Copy, exactly and without additions, every line in the records below from the one holding "Simeon Georgiev is" through the one holding "(230121) -- DOHA, Jan.", both ends included.

(RECORDS TO PROCESS)

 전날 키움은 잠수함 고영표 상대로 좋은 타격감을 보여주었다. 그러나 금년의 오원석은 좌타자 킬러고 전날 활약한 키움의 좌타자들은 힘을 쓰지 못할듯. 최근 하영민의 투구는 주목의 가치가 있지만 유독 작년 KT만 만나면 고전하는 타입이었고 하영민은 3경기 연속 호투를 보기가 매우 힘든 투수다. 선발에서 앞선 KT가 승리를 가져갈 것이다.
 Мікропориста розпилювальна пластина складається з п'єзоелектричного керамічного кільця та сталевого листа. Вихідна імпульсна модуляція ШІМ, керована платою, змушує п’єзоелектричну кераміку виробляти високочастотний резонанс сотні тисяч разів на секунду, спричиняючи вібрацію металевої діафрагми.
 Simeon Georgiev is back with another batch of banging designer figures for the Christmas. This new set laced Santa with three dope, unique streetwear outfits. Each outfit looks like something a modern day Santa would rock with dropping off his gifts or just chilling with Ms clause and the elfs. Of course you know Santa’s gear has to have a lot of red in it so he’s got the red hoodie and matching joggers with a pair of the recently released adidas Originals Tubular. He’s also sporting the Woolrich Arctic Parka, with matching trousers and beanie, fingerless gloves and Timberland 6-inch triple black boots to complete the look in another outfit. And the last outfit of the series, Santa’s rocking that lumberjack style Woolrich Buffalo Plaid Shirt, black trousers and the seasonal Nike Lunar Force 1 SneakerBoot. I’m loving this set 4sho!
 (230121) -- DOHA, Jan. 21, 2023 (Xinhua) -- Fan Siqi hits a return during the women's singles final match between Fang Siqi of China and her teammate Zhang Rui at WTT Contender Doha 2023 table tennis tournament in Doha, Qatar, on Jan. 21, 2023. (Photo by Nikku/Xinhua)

(End RECORDS TO PROCESS)
(RECORDS TO PROCESS)

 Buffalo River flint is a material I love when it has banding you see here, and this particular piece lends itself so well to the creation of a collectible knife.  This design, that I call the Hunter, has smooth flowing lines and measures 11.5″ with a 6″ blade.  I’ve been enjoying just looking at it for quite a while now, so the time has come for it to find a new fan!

(End RECORDS TO PROCESS)

● **EXERCISE RESULT**:
 Simeon Georgiev is back with another batch of banging designer figures for the Christmas. This new set laced Santa with three dope, unique streetwear outfits. Each outfit looks like something a modern day Santa would rock with dropping off his gifts or just chilling with Ms clause and the elfs. Of course you know Santa’s gear has to have a lot of red in it so he’s got the red hoodie and matching joggers with a pair of the recently released adidas Originals Tubular. He’s also sporting the Woolrich Arctic Parka, with matching trousers and beanie, fingerless gloves and Timberland 6-inch triple black boots to complete the look in another outfit. And the last outfit of the series, Santa’s rocking that lumberjack style Woolrich Buffalo Plaid Shirt, black trousers and the seasonal Nike Lunar Force 1 SneakerBoot. I’m loving this set 4sho!
 (230121) -- DOHA, Jan. 21, 2023 (Xinhua) -- Fan Siqi hits a return during the women's singles final match between Fang Siqi of China and her teammate Zhang Rui at WTT Contender Doha 2023 table tennis tournament in Doha, Qatar, on Jan. 21, 2023. (Photo by Nikku/Xinhua)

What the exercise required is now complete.